EXERCISE OBJECTIVE.
In this exercise, the entries below include pictures. Repeat exactly the lines from the line with "Selling a dark" to the line with "17日の学習発表会に向けて、", including both, but without the pictures.

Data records

━━━

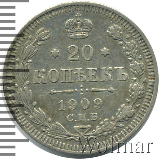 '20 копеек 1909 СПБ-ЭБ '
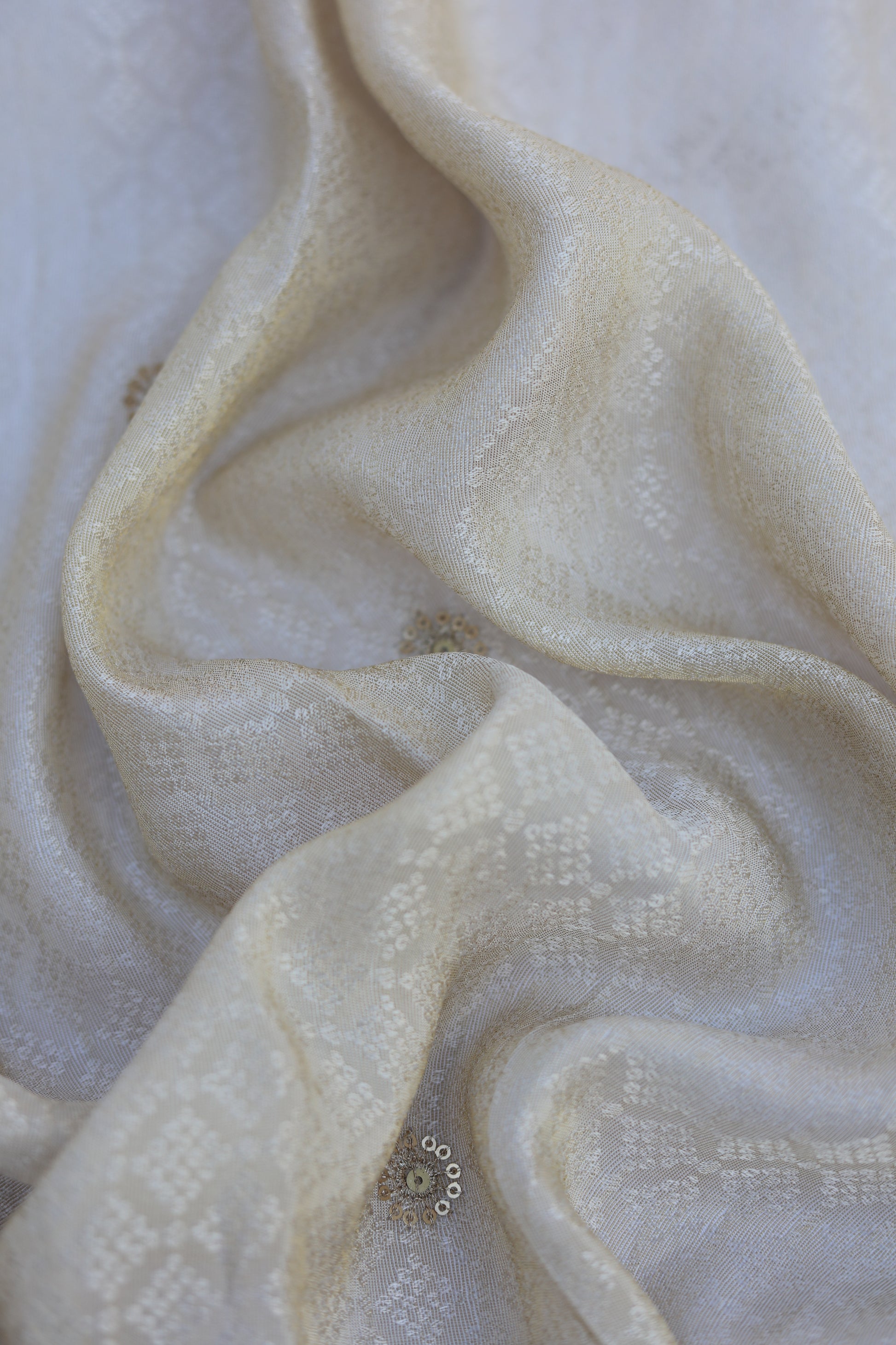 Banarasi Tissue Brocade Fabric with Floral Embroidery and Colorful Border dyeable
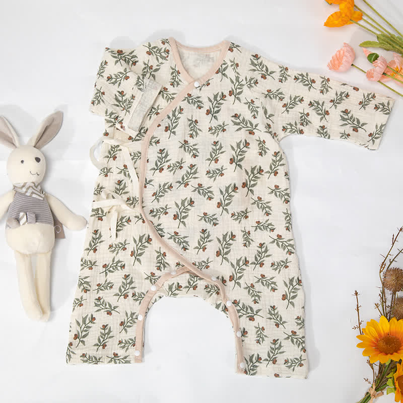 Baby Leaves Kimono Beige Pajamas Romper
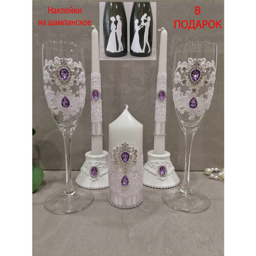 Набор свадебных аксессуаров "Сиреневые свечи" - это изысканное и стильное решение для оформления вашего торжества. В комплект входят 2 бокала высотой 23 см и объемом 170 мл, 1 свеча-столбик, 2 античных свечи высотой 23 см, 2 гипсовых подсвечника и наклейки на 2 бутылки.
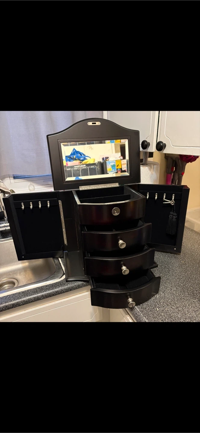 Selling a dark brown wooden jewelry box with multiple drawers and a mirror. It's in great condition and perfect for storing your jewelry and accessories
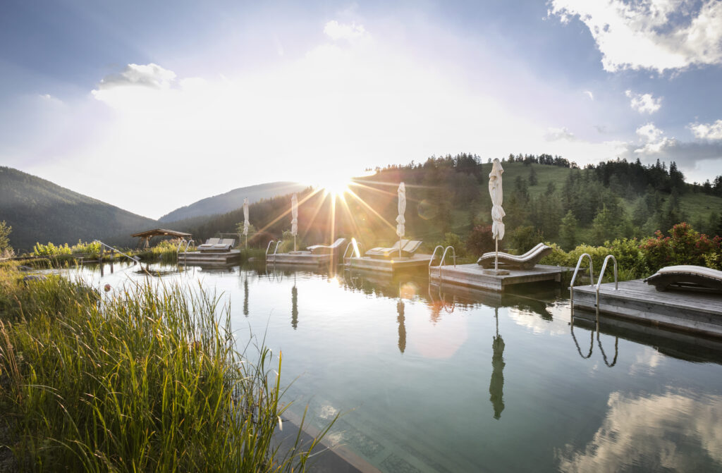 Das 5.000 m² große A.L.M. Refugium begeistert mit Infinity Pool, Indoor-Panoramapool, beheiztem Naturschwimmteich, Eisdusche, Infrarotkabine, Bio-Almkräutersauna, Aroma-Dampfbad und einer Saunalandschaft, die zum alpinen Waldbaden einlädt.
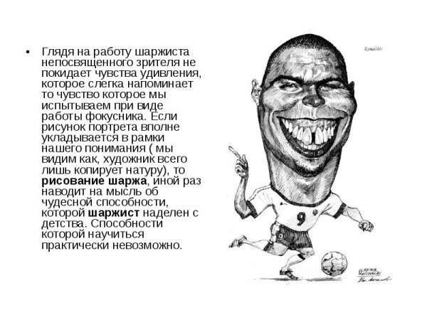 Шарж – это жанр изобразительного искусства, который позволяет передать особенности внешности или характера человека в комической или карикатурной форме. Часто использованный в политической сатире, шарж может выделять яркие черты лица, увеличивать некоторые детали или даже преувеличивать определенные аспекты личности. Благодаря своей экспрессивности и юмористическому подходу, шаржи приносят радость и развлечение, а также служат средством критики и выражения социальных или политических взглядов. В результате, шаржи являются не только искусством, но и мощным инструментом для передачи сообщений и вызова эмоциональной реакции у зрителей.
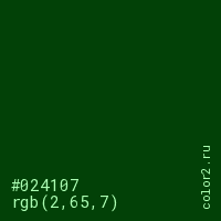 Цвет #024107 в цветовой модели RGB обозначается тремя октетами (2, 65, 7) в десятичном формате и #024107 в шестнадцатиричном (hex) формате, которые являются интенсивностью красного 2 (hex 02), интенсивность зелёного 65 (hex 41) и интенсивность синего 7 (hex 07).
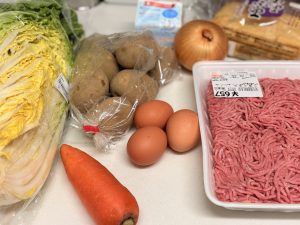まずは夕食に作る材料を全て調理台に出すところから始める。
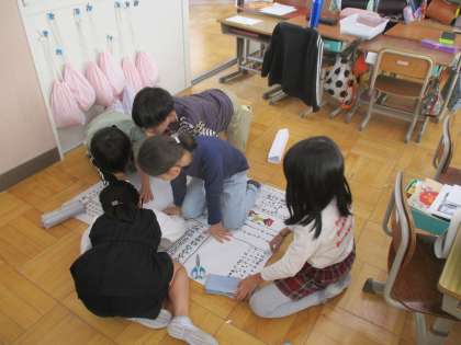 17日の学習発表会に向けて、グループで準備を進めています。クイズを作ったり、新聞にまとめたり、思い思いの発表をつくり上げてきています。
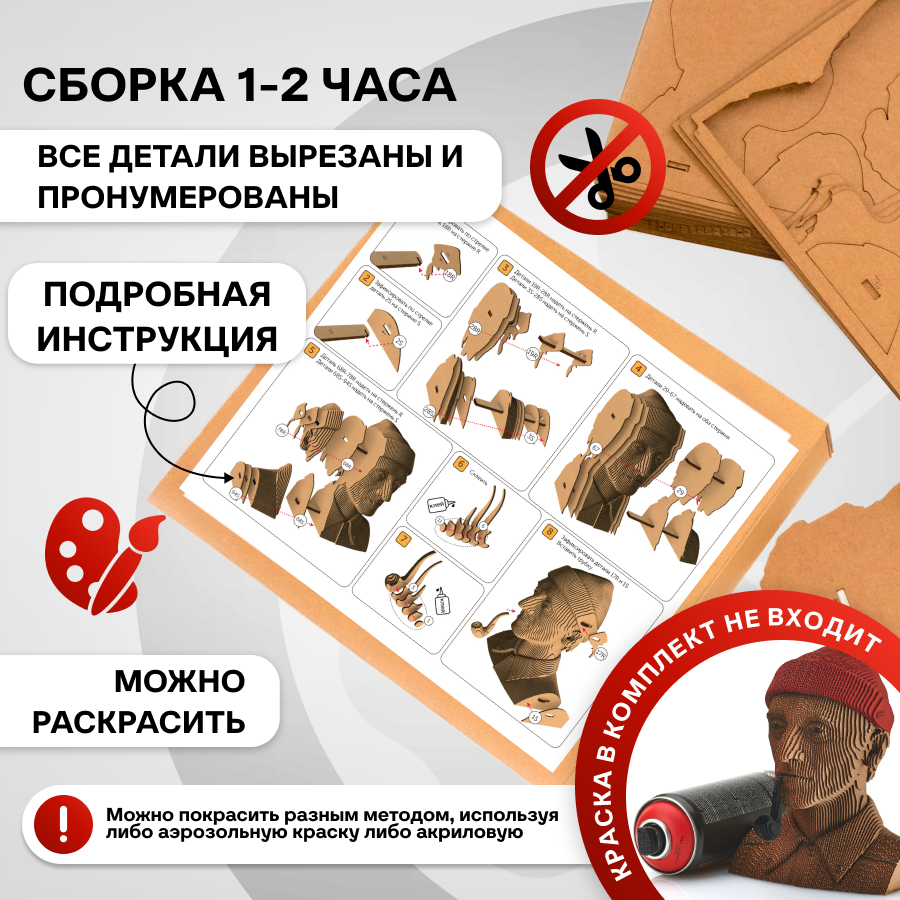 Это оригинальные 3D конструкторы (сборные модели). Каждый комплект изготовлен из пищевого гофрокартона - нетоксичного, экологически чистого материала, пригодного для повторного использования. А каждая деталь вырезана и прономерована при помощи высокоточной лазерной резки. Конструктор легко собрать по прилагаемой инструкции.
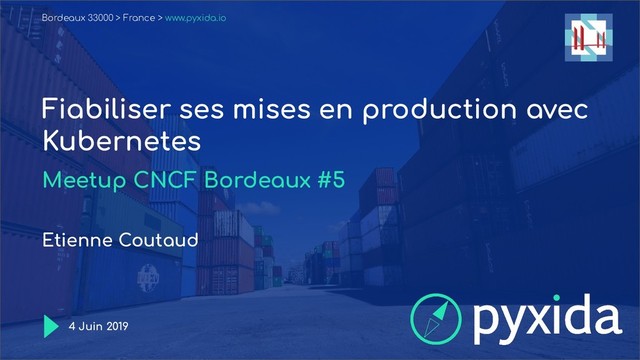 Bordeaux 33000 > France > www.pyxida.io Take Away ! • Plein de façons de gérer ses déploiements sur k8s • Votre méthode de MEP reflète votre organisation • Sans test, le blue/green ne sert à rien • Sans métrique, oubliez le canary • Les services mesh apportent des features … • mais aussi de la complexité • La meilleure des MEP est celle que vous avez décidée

━━━

EXERCISE RESPONSE.
 Selling a dark brown wooden jewelry box with multiple drawers and a mirror. It's in great condition and perfect for storing your jewelry and accessories
 Das 5.000 m² große A.L.M. Refugium begeistert mit Infinity Pool, Indoor-Panoramapool, beheiztem Naturschwimmteich, Eisdusche, Infrarotkabine, Bio-Almkräutersauna, Aroma-Dampfbad und einer Saunalandschaft, die zum alpinen Waldbaden einlädt.
 Шарж – это жанр изобразительного искусства, который позволяет передать особенности внешности или характера человека в комической или карикатурной форме. Часто использованный в политической сатире, шарж может выделять яркие черты лица, увеличивать некоторые детали или даже преувеличивать определенные аспекты личности. Благодаря своей экспрессивности и юмористическому подходу, шаржи приносят радость и развлечение, а также служат средством критики и выражения социальных или политических взглядов. В результате, шаржи являются не только искусством, но и мощным инструментом для передачи сообщений и вызова эмоциональной реакции у зрителей.
 Цвет #024107 в цветовой модели RGB обозначается тремя октетами (2, 65, 7) в десятичном формате и #024107 в шестнадцатиричном (hex) формате, которые являются интенсивностью красного 2 (hex 02), интенсивность зелёного 65 (hex 41) и интенсивность синего 7 (hex 07).
まずは夕食に作る材料を全て調理台に出すところから始める。
 17日の学習発表会に向けて、グループで準備を進めています。クイズを作ったり、新聞にまとめたり、思い思いの発表をつくり上げてきています。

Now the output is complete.